**ASSIGNED TASK:** The entries should each be set down again precisely.
┌──
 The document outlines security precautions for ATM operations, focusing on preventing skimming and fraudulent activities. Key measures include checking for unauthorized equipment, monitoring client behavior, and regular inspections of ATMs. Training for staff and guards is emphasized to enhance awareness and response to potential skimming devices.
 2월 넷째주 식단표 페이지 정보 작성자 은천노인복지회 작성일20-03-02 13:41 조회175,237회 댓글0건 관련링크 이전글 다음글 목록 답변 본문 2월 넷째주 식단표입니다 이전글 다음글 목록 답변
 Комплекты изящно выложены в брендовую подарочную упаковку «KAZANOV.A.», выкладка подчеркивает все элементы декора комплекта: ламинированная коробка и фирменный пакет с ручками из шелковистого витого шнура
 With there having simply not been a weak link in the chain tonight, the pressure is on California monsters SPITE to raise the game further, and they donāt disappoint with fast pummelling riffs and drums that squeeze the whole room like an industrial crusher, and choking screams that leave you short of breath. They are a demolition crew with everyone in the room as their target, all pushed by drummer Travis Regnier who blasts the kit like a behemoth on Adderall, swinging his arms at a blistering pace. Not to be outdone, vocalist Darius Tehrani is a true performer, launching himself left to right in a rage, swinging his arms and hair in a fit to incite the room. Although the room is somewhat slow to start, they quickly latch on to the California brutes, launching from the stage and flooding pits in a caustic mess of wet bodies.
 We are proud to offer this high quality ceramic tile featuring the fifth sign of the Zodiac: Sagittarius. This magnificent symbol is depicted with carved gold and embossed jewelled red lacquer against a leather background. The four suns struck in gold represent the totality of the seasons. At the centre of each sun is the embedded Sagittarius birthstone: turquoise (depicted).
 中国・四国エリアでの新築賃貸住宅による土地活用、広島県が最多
└──
**ANSWER SECTION:**
 The document outlines security precautions for ATM operations, focusing on preventing skimming and fraudulent activities. Key measures include checking for unauthorized equipment, monitoring client behavior, and regular inspections of ATMs. Training for staff and guards is emphasized to enhance awareness and response to potential skimming devices.
 2월 넷째주 식단표 페이지 정보 작성자 은천노인복지회 작성일20-03-02 13:41 조회175,237회 댓글0건 관련링크 이전글 다음글 목록 답변 본문 2월 넷째주 식단표입니다 이전글 다음글 목록 답변
 Комплекты изящно выложены в брендовую подарочную упаковку «KAZANOV.A.», выкладка подчеркивает все элементы декора комплекта: ламинированная коробка и фирменный пакет с ручками из шелковистого витого шнура
 With there having simply not been a weak link in the chain tonight, the pressure is on California monsters SPITE to raise the game further, and they donāt disappoint with fast pummelling riffs and drums that squeeze the whole room like an industrial crusher, and choking screams that leave you short of breath. They are a demolition crew with everyone in the room as their target, all pushed by drummer Travis Regnier who blasts the kit like a behemoth on Adderall, swinging his arms at a blistering pace. Not to be outdone, vocalist Darius Tehrani is a true performer, launching himself left to right in a rage, swinging his arms and hair in a fit to incite the room. Although the room is somewhat slow to start, they quickly latch on to the California brutes, launching from the stage and flooding pits in a caustic mess of wet bodies.
 We are proud to offer this high quality ceramic tile featuring the fifth sign of the Zodiac: Sagittarius. This magnificent symbol is depicted with carved gold and embossed jewelled red lacquer against a leather background. The four suns struck in gold represent the totality of the seasons. At the centre of each sun is the embedded Sagittarius birthstone: turquoise (depicted).
 中国・四国エリアでの新築賃貸住宅による土地活用、広島県が最多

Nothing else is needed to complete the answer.